Петр же смотрел холодно и равнодушно.
– Что там случилось? – спросил он у неприметного человека, стоявшего за спиной причитающего.
– Готовый порох своевременно не вывезли. Складывали в одном месте навалом. Кто-то рядом с ним решил покурить…
– КТО?! КАКАЯ …?! – воскликнул Лопухин-старший, вскакивая. К счастью, его крик потонул в гудке. Где-то недалеко спускали пар с парового котла.
– Свидетелей не осталось, – развел руками сотрудник полиции.
Алексей-таки сподобился. И на базе ведомства Федора Юрьевича Ромодановского создал полицию с ее вполне обычными функциями. Во всяком случае, начал эту структуру создавать, так как нужда в ней имелась весьма изрядная. И в уличной патрульно-постовой службе, включая конную полицию, и в службе участковых, и во всяких следственных структурах вроде импровизации на тему МУРа. Да и ОМОН для поддержания общественного порядка требовался.
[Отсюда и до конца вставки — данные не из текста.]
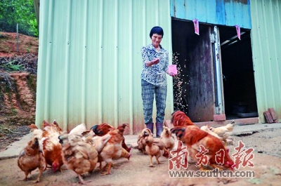 河源市柳城镇黄洞村,村民刘贵英在新建的房子附近喂鸡。

Но начало не финал, и нужно было проделать еще очень приличную работу. В том числе и потому, что подобное ведомство создавалось, по сути, впервые в мире. Во всяком случае, в современном его виде[2]…
– Но хоть кто-то что-то видел? – холодно поинтересовался царь.
– Мы опросили всех окрест, но это ничего не дало. Осмотр места взрыва позволил установить личности большей части погибших. Их опознали. Двое пропали без вести. Сейчас ищем. Вполне возможно, что они непричастны, но после взрыва испугались и попытались скрыться.
– НЕПРИЧАСТНЫ?! – рявкнул Лопухин-старший.
Сотрудник полиции ничего не ответил.
Петр же кивнул, принимая ответ. И отпустил сотрудника, предупредив, чтобы ему докладывали о ходе расследования. А когда тот ушел, обратился к стенающему родичу:
– Порох почему не вывозили?
– Управляющий там погиб. Не ведаю.
– Это ваша мануфактура. Кто должен ведать? Я?! Леша?!
– Узнаю.
– Узнай, – холодно процедил царь. – Ступай.
– А как же нам быть?
– Как? Новую мануфактуру строить. Порох не вывозили с мануфактуры? Не вывозили. Ваша вина. Была бы война – шкуру бы спустил. А так – все восстановить и сделать лучше прежнего. Сроку – год.
– Но как же…
– Виновного промеж себя ищите. Кто недоглядел. Да с умом ищите. Мне с того ни горячо, ни холодно. Мне мануфактура надобна! Если еще раз по такой дури сгубите – накажу и более не доверю. И селитряной лишу! Ясно ли говорю?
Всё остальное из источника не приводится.